Dec 30, 2005 00:00
Christmas, New Years. To some it is the fake anniversary of the birth of their Lord and Savior Jesus Christ. To others it is the anniversary of when some oil burned for 8 days. To me it seems to signal the beginning of an Autophobic state of mind. For those of you who havn't been reading random passages of my ICQ message histories with random girls I havn't spoken to in 3 years Autophobia is the fear of being alone. The problem is I know exactly what is causing it and why. I am a man of aloneness. Normally I love being alone, alone is when I do my best, alone but never lonely, but a couple months ago I started taking Flonase to clear my nasal passage to facilitate better sleep. It worked a little, instead of 14-16 hours a night, I was sleeping 8. It was good, my degree of what feeling "normal" was improved a bit. When I got strep throat a couple weeks back however I stopped taking Flonase because it did weird things to my throat and the last thing I needed to do was piss off my aggrevated throat. So for the week and a half I was bogged down with Fake Strep Throat, it turned out it wasn't strep throat, just a viral infection that had all the symptons of Strep I didn't take flonase and slept more than normal to battle off the virus. What this quite naturally led to was a complete ass fucking of the pitiful excuse for a sleep pattern I had. So now I am back on flonase and trying to recoup to a slightly better level of normal. However the transition is proving to be more than I can handle. As with all major shifts of my sleep pattern I am feeling more than just a little more tired. My entire mood is fucked right up. I am irritable, lethargic, suffering from mild insomnia and sleeping upwards of 14 hours a night and feeling like I have slept not at all. With a mood declining quickly towards depression how can one help but feel... shitty and lonely. Naturally with the feelings of shitty and depression comes the natural inclination to do the one thing no one should ever do, regret. Thinking over past crushes I fucked up, chances left untaken, boats missed, all that good stuff. How can it but help one further decline into immense feelings of shitty?

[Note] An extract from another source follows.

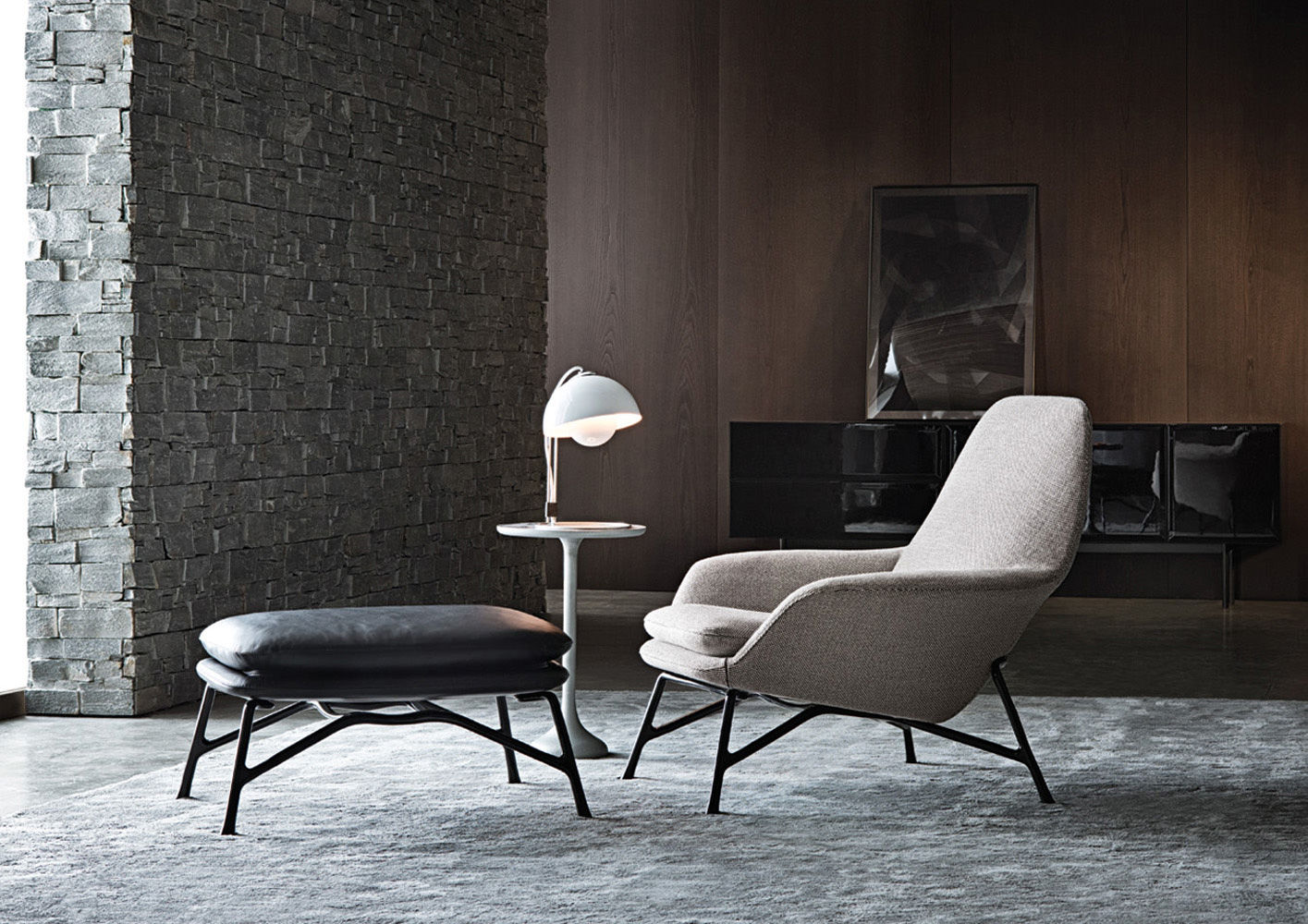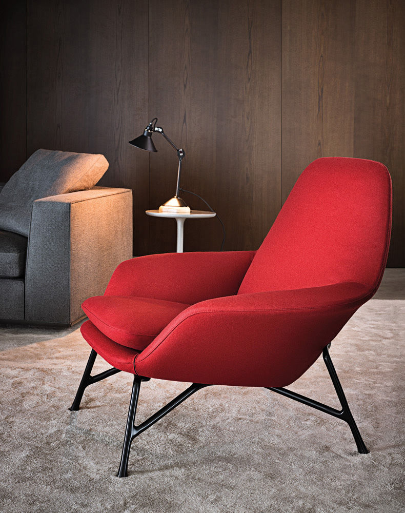 Материалы: каркас из стали с деревянными элементами, обивка — кожа или ткань

So that's where I am, feeling like utter shit and without any real means of comfort. I am for the most part completely alone. There is nothing like being completely alone to bring on feelings of Autophobia.
I am going to dye my hair as well, dark red, not all of it, just parts of it. I havn't decided what I am going to do or how yet, I think I am going to let it grow until I get it all into a ponytail before I do anything. I have an appointment at the Oximetry Clinic on January 19th Thursday. When I found out about it I was fairly indifferent, since I had not been sleeping well, but now that I have had some more time to not sleep well I have adjusted into a state of "they are going to say I don't have sleep apnea, there is nothing wrong with me and that I am a pussy" but they won't say that right away, they are going to interrogate me first, then make another appointment some weeks after then actually test me, then a couple weeks after that tell me I am a pussy and there is nothing wrong with me.
I feel like killing myself. This is not a cry for help, this is a statement of fact.